In the Beatitudes (Matthew 5), the first mention of blessedness goes to those who are “poor in spirit” or those who recognize their spiritual poverty and recognize their need for a Savior. That Truth opens our awareness to what being fully human means – that being our dependency on and accountability to God our Creator.

By God’s grace, Jesus came to rehumanize me and you by humanizing Himself in obedience to God the Father. He came to reveal my sinful heart, and to offer a 180-degree course correction. If I will only live by faith in Him, I will be made new. Jesus will release me from the sin problem that defeats my human flourishing. He’ll remove the deceptions that take away my true humanity, the things that degrade my status as God’s child, the things that undermine His good purposes in my life.

Although important, the matter of our faith in Jesus Christ is not all about what happens after we die.
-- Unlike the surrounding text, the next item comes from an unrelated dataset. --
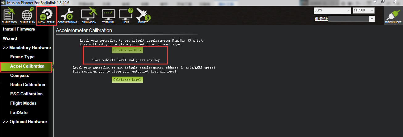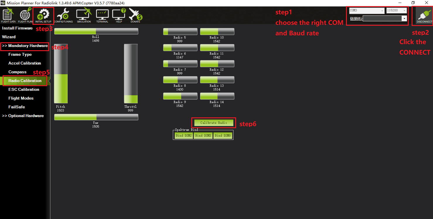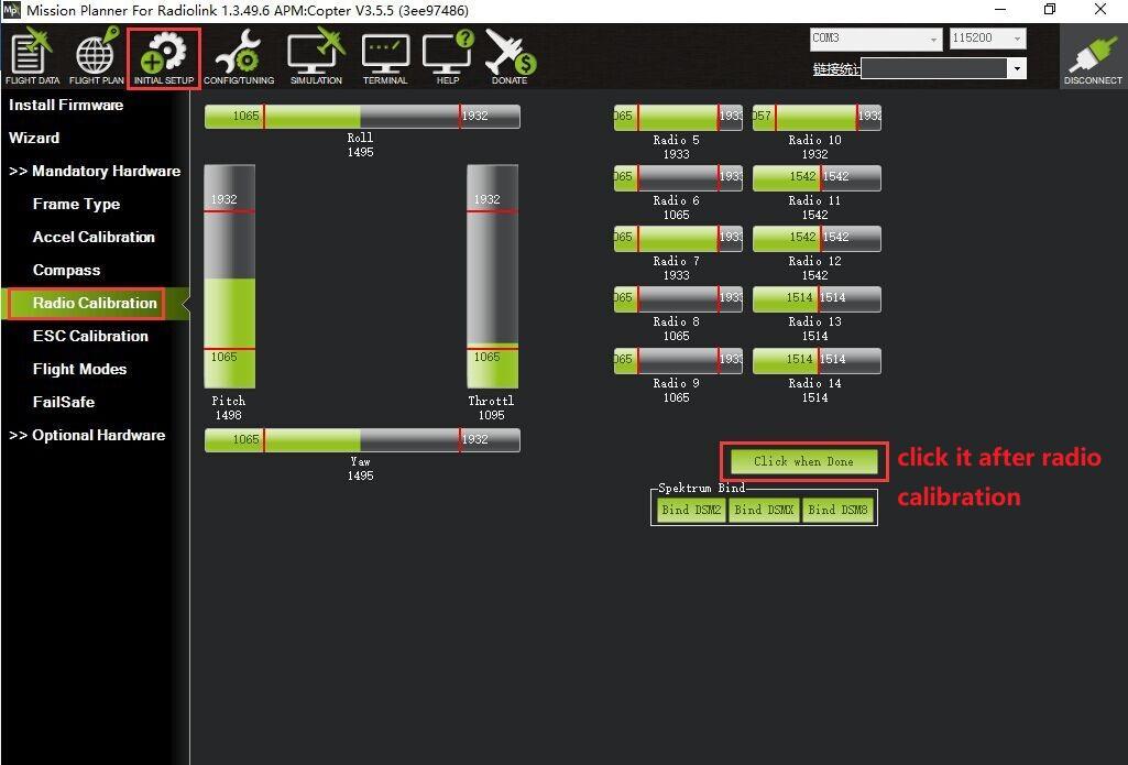 Connect Mission Planner to AutoPilot, and then connect receiver to AutoPilot to finish the calibration of transmitter, Accelerometer and compass.

Faith is also about what happens while we live in the world as recipients of Christ’s purpose to restore in us human flourishing according to God’s design. His Holy Spirit works to sanctify us, to prepare us, to recreate us, to make us new. We are “made-new” humans, who will die (yes), but not be swallowed up by death. We will live in eternity with Him in the full reality of being humans saved by His grace. In my restored humanity, I am able to identify and reject lies, I am able to combat the assaults of worldly culture, I am able to flourish in Christ.

Truth is a Person, not a dogma, not a code for living, not a set of laws. Jesus is the rehumanizing resurrected Savior, the firstborn from among the dead. Colossians 1:18 says, “And He is the head of the body, the church; He is the beginning and the firstborn from among the dead, so that in everything He might have the supremacy.” Revelation 1:5-6 says, “And from Jesus Christ, Who is the faithful witness, the firstborn from the dead, and the ruler of the kings of the earth. To Him Who loves us and has freed us from our sins by His blood, and has made us to be a kingdom and priest to serve His God and Father – to Him be glory and power for ever and ever! Amen.”